Shell Shuts In Gulf Production as Debby Bears Down
Royal Dutch Shell PLC said Sunday it shut down production at two of its U.S. Gulf of Mexico production platforms Sunday and was evacuating employees as Tropical Storm Debby bore down.
Debby, the fourth named storm this year, was moving at two miles an hour as of 11 a.m. EDT Sunday, a spokesman at the National Hurricane Center said. As it loitered, the storm piled heavy rains and winds of up to 60 miles an hour on to oil and gas platforms in the Gulf, forcing evacuations.
Shell is the third-largest oil and gas producer in the Gulf, having produced 240,000 barrels of oil equivalent a day in 2010. The company said it shut in production at its Auger and Enchilada/Salsa facilities and was considering other production shut-ins should weather conditions continue to deteriorate.
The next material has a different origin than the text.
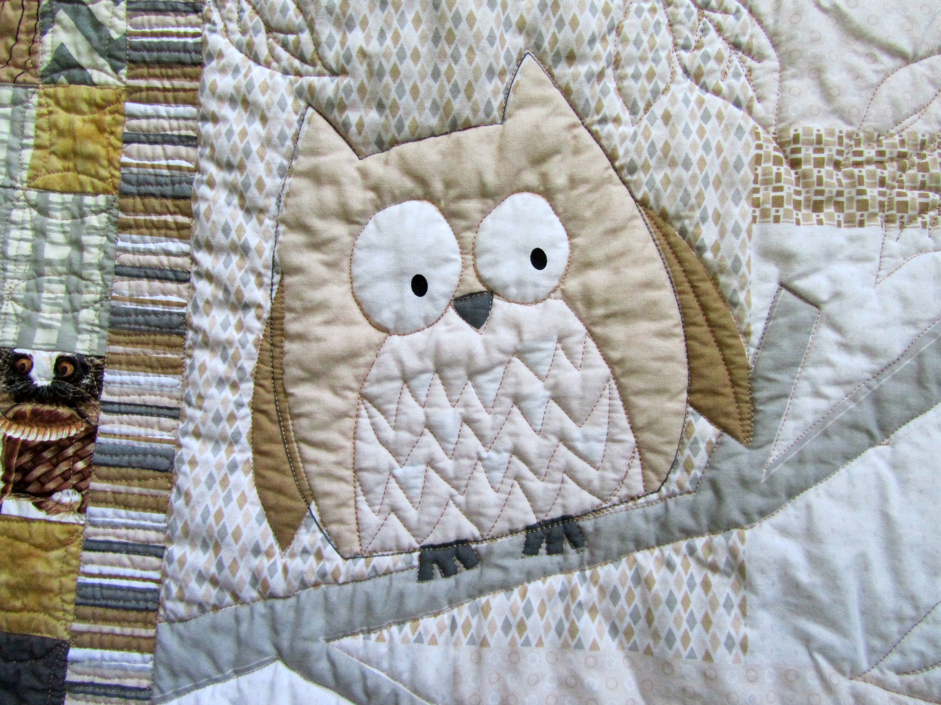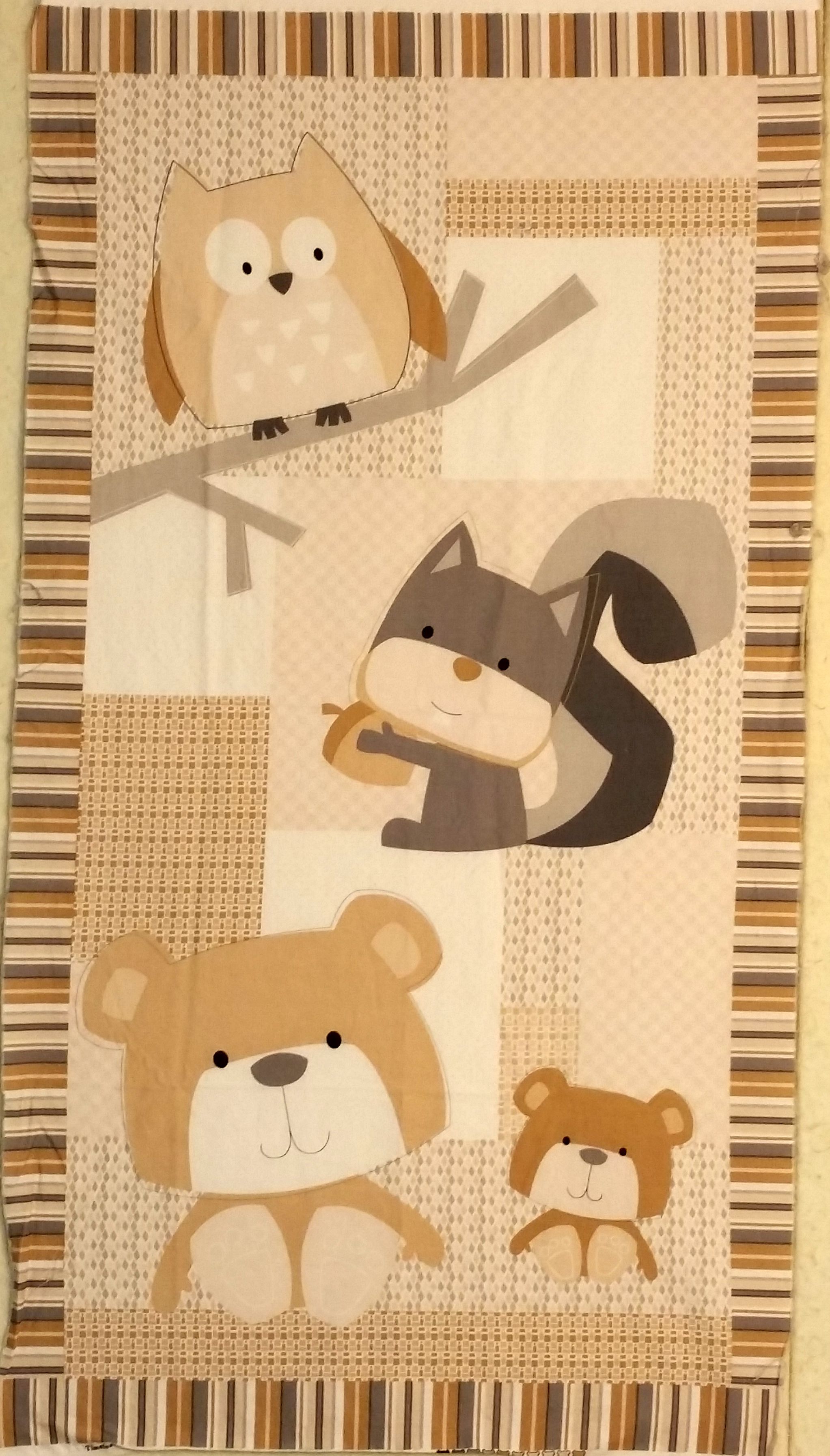 IMG_2412This week I made a quick baby quilt from a panel and it turned out awfully sweet.  There is no applique on this, it’s all printed.

BP PLC, Anadarko Petroleum Corp. and BHP Billiton Ltd. already have suspended production at some of their Gulf of Mexico operations. ConocoPhillips, Chevron Corp. and others have started evacuating nonessential personnel from production platforms.
Gulf of Mexico federal offshore production accounts for 29% of oil and 12% of gas production in the U.S., down from about 30% for oil and 17% for gas in 2005, according to the U.S. Energy Information Administration.
As of March, federal offshore production from the Gulf was 1.4 million barrels of oil a day and 4.4 billion cubic feet of gas a day, down from its peak of 1.7 million barrels of oil a day and 6.3 billion cubic feet of gas a day in 2010.